Neural Network Library in IMANDRA

Type: Webtool/Application
Published Year: 2022

Impacts:

The software is used as part of industrial collaboration, with Industry Imanra (www.imandra.ai)

Neural networks are increasingly relied upon as components of complex safety-critical systems such as autonomous vehicles. There is high demand for tools and methods that embed neural network verification in a larger verification cycle. However, neural network verification is problematic due to a wide range of verification properties of interest, each so far being amenable to verification only in specialised solvers. In this paper we show how Imandra, a functional programming language and a theorem prover originally designed for verification, validation and simulation of FinTech systems can offer a holistic infrastructure for neural network verification. To showcase Imandra’s potential as a single code base, we developed a novel library that formalises convolutional neural networks in Imandra, and covers different important facets of neural network verification.

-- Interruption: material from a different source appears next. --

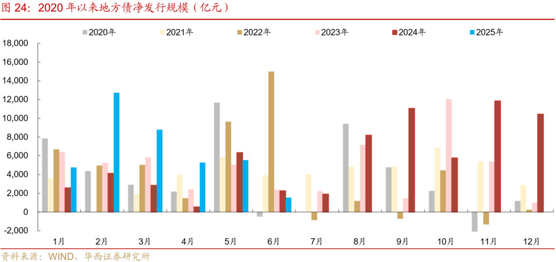 月度来看,6月1-20日,发行地方债4791亿元,净发行1543亿元,其中新增一般债372亿元、新增专项债569亿元(其中:特殊专项债150亿元)、普通再融资债2780亿元、特殊再融资债1071亿元。
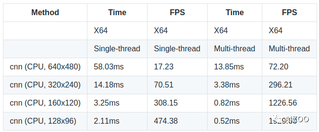 前几天元峰已经对该项目进行过一次介绍了,该项目使用一个SSD架构的人脸检测模型,在酷睿 i7 的CPU上,320x240分辨率下可以达到296.21 FPS,下图是该项目在不同分辨率和单线程下的速度概览。

Research Tools and Methods

BLOOM Large Language Model

Type: Improvements to research infrastructure
Published Year: 2022

Impacts:

First publicly available "foundational model". Widely used and compared in the community. The ambition is to boost academic research and public benefits in competition to privately owned models, e.g. ChatGPT etc,.

Description:

We created BLOOM the first publicly available large language model. This was a year-long collaboration as part of the BigScience workshop with several hundred of international scientists. I co-led one of the working groups. BLOOM stands for BigScience Large Open-science Open-access Multilingual Language Model.

Tutorial on Neural Network Verification with Vehicle

Type: Improvements to research infrastructure
Published Year: 2023

Impacts:

This tutorial has been run live and adapted for different audiences at: FOMLAS'23 the 6th Workshop on Formal Methods for ML-Enabled Autonomous Systems co-allocated with CAV'23 in Paris, France; 18 July 2023; VETSS Summer School at the University of Surrey, UK; 23 August 2023; Youtube recording available; ICFP'23 the International Conference on Functional Programming in Seattle, USA; 08 September 2023.

Description:

Machine learning components, such as neural networks, gradually make their way into software; and, when the software is critically safe, the machine learning components must be verifiably safe. This gives rise to the problem of neural network verification. The community has been making rapid progress in developing methods for incorporating logical specifications into neural networks, both in training and verification. However, to truly unlock the ability to verify real-world neural network-enhanced systems we believe the following is necessary: 1. The specification should be written once and should automatically work with training and verification tools. 2. The specification should be written in a manner independent of any particular neural network training/inference platform. 3. The specification should be able to be written as a high-level property over the problem space, rather than a property over the input space (of the neural network). 4. After verification the specification should be exportable to general interactive theorem provers so that its proof can be incorporated into proofs about the larger systems around the neural network. In this tutorial we presented Vehicle, a tool that allows users to do all of this. We provided an introduction to the Vehicle specification language, and then walked attendees through using it to express a variety of famous and not-so-famous specifications. Subsequently we demonstrate how a specification can be compiled down to i) queries for network verifiers, ii) Tensorflow graphs to be used as loss functions during training and iii) cross-compiled to Agda, a main-stream interactive theorem prover. Finally we discussed some of the technical challenges in the implementation as well as some of the outstanding problems.